Required work: Below are some records. Write out exactly their lines from the one with "當你走進顛倒屋時會發現屋內家" through the one with "ဆွမ်းဘောဇဉ်များကို လှူဒါန်းလျက် ရှိသည်။", and leave the pictures behind.

Stored data:
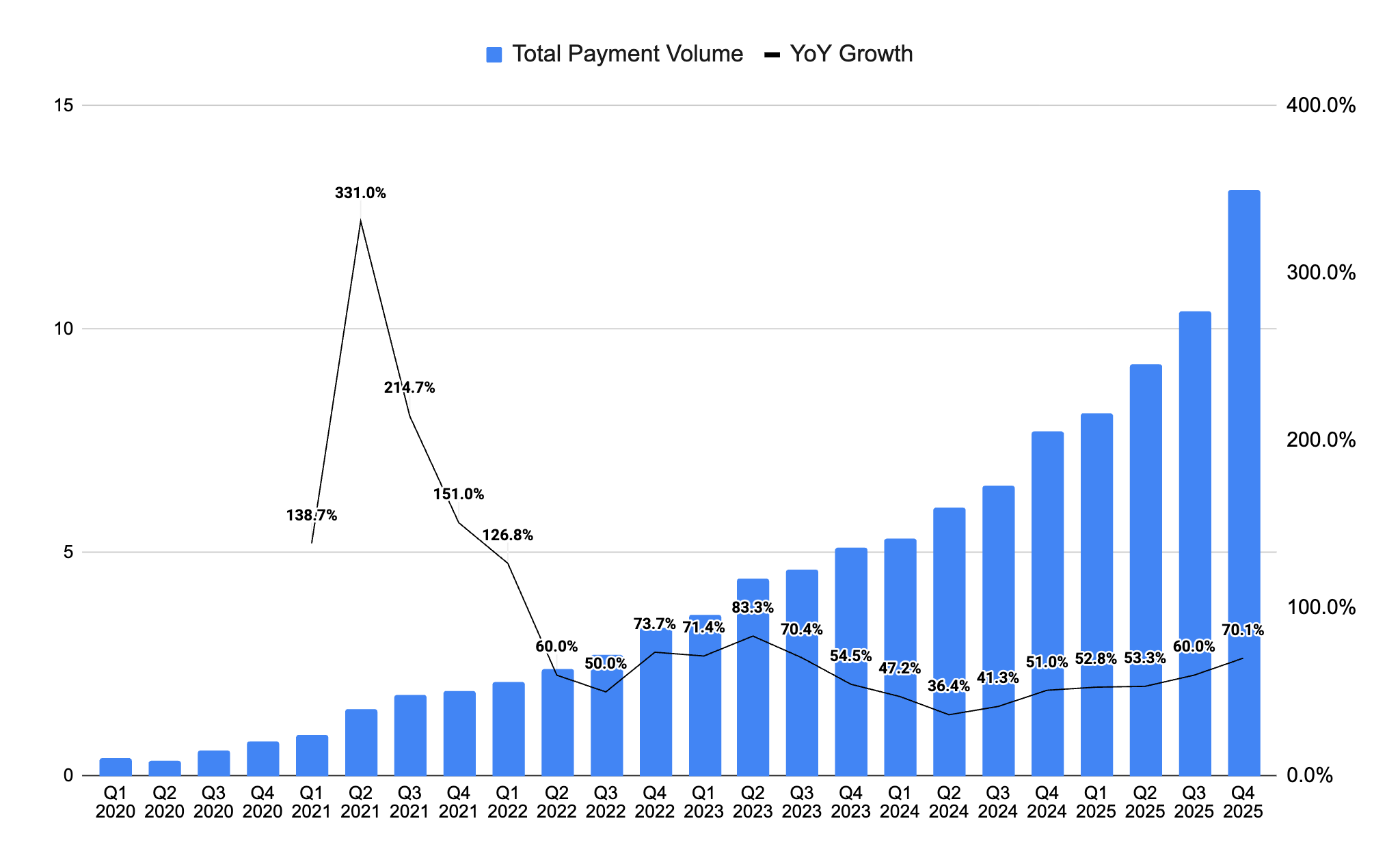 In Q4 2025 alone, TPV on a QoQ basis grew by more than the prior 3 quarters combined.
---
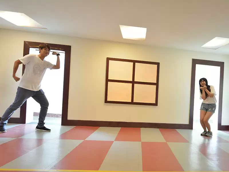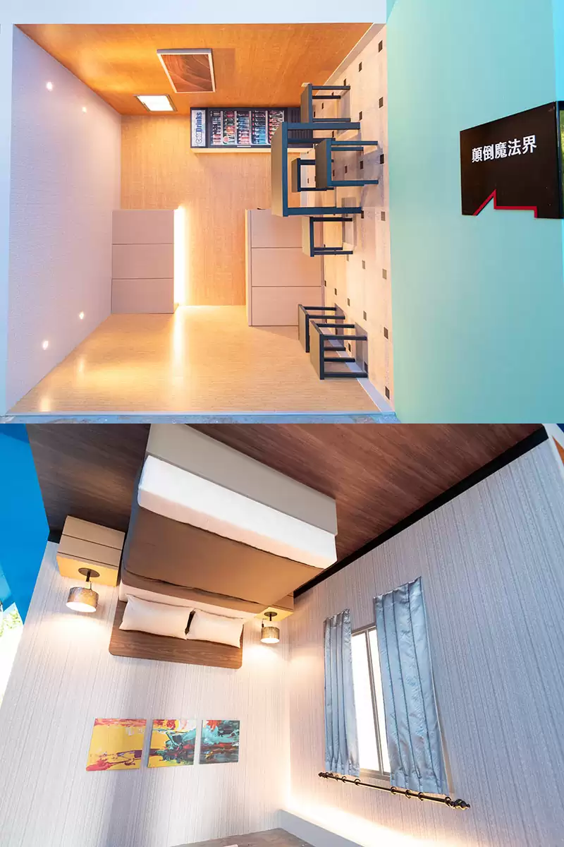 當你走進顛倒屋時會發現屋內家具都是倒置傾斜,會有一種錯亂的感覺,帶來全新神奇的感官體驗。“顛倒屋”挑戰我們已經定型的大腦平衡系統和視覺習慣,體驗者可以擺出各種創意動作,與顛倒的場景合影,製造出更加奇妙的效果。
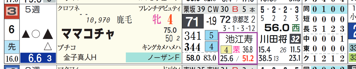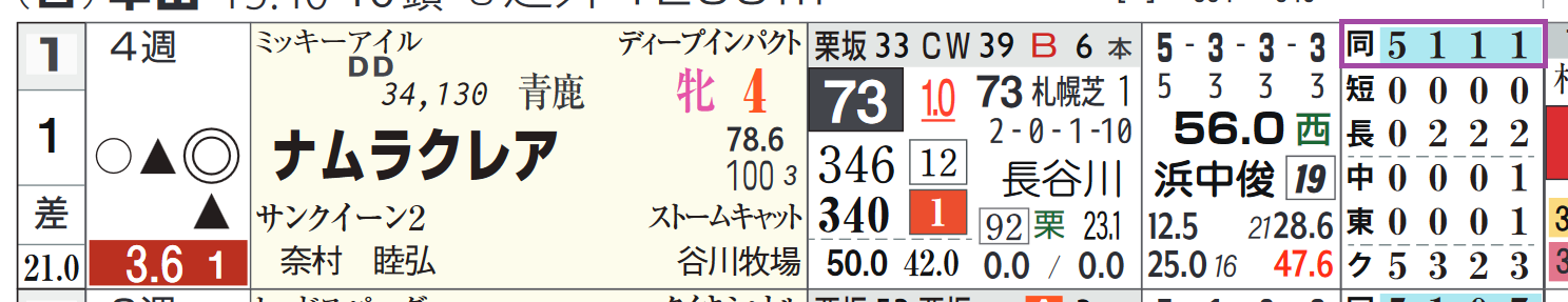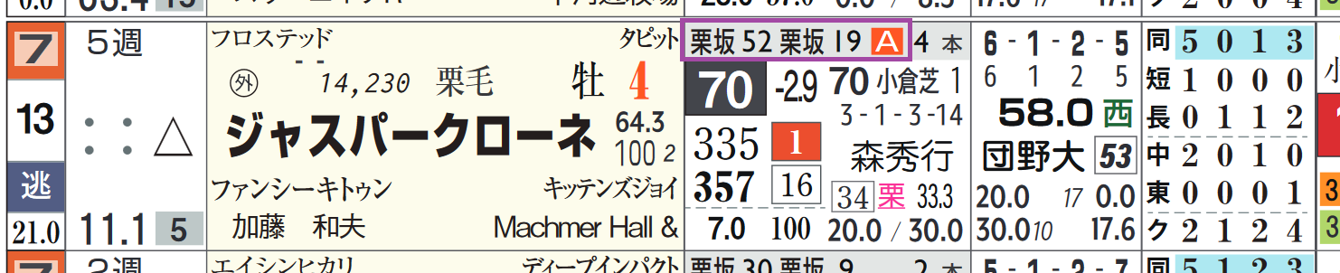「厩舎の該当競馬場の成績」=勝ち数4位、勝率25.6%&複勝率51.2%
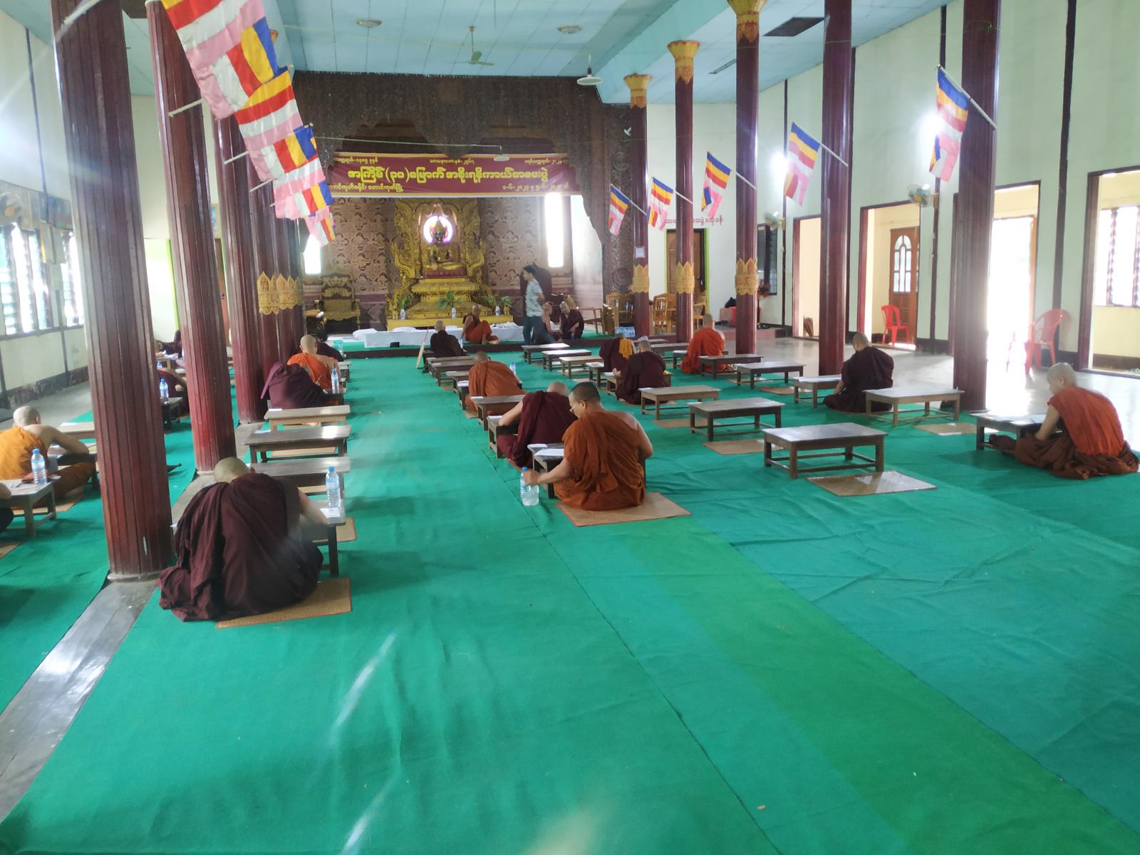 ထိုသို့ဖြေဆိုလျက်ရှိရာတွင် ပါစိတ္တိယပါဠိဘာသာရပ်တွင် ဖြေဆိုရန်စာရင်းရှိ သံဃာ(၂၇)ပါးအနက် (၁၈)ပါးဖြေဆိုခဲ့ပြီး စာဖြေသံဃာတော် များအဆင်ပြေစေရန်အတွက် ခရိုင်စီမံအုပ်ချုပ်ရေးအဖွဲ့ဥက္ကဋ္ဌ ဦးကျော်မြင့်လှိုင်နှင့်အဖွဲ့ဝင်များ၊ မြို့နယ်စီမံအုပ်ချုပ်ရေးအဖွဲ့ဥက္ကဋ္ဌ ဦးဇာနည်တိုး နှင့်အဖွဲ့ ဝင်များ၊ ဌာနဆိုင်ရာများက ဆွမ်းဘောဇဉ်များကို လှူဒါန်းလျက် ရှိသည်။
* * *
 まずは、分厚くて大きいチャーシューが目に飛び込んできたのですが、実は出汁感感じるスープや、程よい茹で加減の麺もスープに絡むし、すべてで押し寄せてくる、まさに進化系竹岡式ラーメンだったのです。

Task answer:
 當你走進顛倒屋時會發現屋內家具都是倒置傾斜,會有一種錯亂的感覺,帶來全新神奇的感官體驗。“顛倒屋”挑戰我們已經定型的大腦平衡系統和視覺習慣,體驗者可以擺出各種創意動作,與顛倒的場景合影,製造出更加奇妙的效果。
「厩舎の該当競馬場の成績」=勝ち数4位、勝率25.6%&複勝率51.2%
 ထိုသို့ဖြေဆိုလျက်ရှိရာတွင် ပါစိတ္တိယပါဠိဘာသာရပ်တွင် ဖြေဆိုရန်စာရင်းရှိ သံဃာ(၂၇)ပါးအနက် (၁၈)ပါးဖြေဆိုခဲ့ပြီး စာဖြေသံဃာတော် များအဆင်ပြေစေရန်အတွက် ခရိုင်စီမံအုပ်ချုပ်ရေးအဖွဲ့ဥက္ကဋ္ဌ ဦးကျော်မြင့်လှိုင်နှင့်အဖွဲ့ဝင်များ၊ မြို့နယ်စီမံအုပ်ချုပ်ရေးအဖွဲ့ဥက္ကဋ္ဌ ဦးဇာနည်တိုး နှင့်အဖွဲ့ ဝင်များ၊ ဌာနဆိုင်ရာများက ဆွမ်းဘောဇဉ်များကို လှူဒါန်းလျက် ရှိသည်။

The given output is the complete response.